Monday, September 21, 2009

Pay More, Get Less

by Michael D. Tanner

That's it?

For the past six months, six members of the Senate Finance Committee, led by Chairman Max Baucus, have been laboring mightily to design a health-care bill. Yesterday they finally brought forth their product — and it leaves us with more questions than answers.

Despite months of work, Baucus hasn't really produced a bill yet, only a 223-page summary of what he hopes a bill will contain.

Here is some of what we know and don't know:

First, he claims the bill would cost only $856 billion. (Remember when that sounded like a lot of money?) In fact, that likely understates the true cost. The Congressional Budget Office only looks at a 10-year budget window, that is, 2010 to 2019. But most of the bill wouldn't even start until 2014. Thus, the "10-year cost" covers only five years of actual spending. Future costs are expected to increase dramatically.

The proposal isn't all bad. Most significantly, it drops the idea of a government-run "public option" in favor of co-ops. Government involvement with these co-ops would essentially be limited to providing start-up grants. The co-ops are unlikely to have much, if any, impact on the cost or availability of health insurance, but are far preferable to a government-run plan.

Baucus would also take the first tentative steps toward letting people buy health insurance across state lines. He'd allow states to establish interstate compacts for insurance purchases starting in 2015, and also let insurers develop national products that could be sold in any state. National plans would be exempt from state-mandated benefits.

This doesn't go far enough, and risks simply transferring regulation and mandates from the state to the regional or national level. Still, it looks like a tiny step in the right direction.

But in the end, this is still a plan that will make Americans pay more and get less.

Its centerpiece is a heavily punitive individual mandate — a requirement that every American buy a government-designed minimum-insurance package. Failure to comply would result in a fine that could run as high as $3,800 for a family of four.

Moreover, the mandate may not apply just to those without insurance today. While Baucus' summary says that those with "grandfathered" plans wouldn't have to change their current policies to satisfy the mandate, it's vague about what qualifies as "grandfathered."

Plus, employer-provided plans — that is, the policies of the vast majority of us — would have just five years to comply with the new insurance regulations, and "grandfathered" plans wouldn't be eligible for any subsidies. There's thus an excellent chance that most people wouldn't actually be able to keep their current plans.

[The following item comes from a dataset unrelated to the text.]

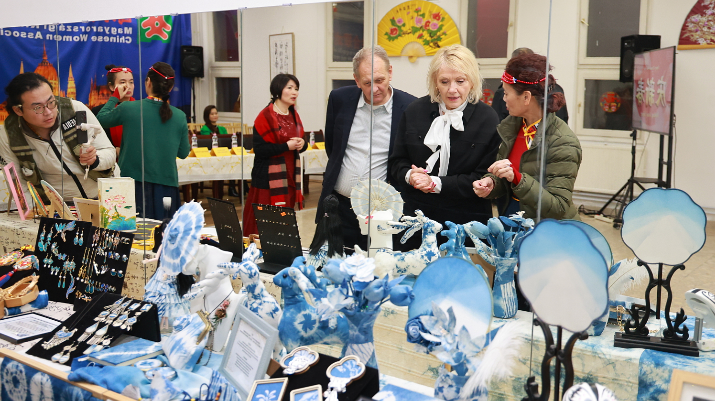 晚会现场由妇联姐妹李海华老师及其团队展示的中国传统非物质文化遗产技艺令人称赞。无论是大漆扇制作、剪纸、活字印刷这类可以亲身参与的手工技艺体验项目,还是用于静态展示的金箔画、扎染、景泰蓝、点翠等工艺都让匈牙利朋友们感受到来自东方的传统美学。

Some seniors would also be forced out of their current arrangements. Baucus would cut payments to Medicare Advantage — which is likely to push many insurers out of the program, while others would raise the premiums they charge seniors. Millions would likely be forced back into traditional Medicare.

(The plan also targets two other GOP health-care reforms of recent years: It would impose new restrictions on Health Savings Accounts and limit the ability of workers to take advantage of tax-free Flexible Spending Accounts.)

Baucus also wants a mandate for employers to provide insurance to workers, though it's less severe than the mandate in the House bills. He has no specific requirement for employers to provide insurance — but any employer who failed to do so would have to pay the cost of all subsidies that the government provides his or her workers to help them pay for insurance on their own, up to $400 a worker.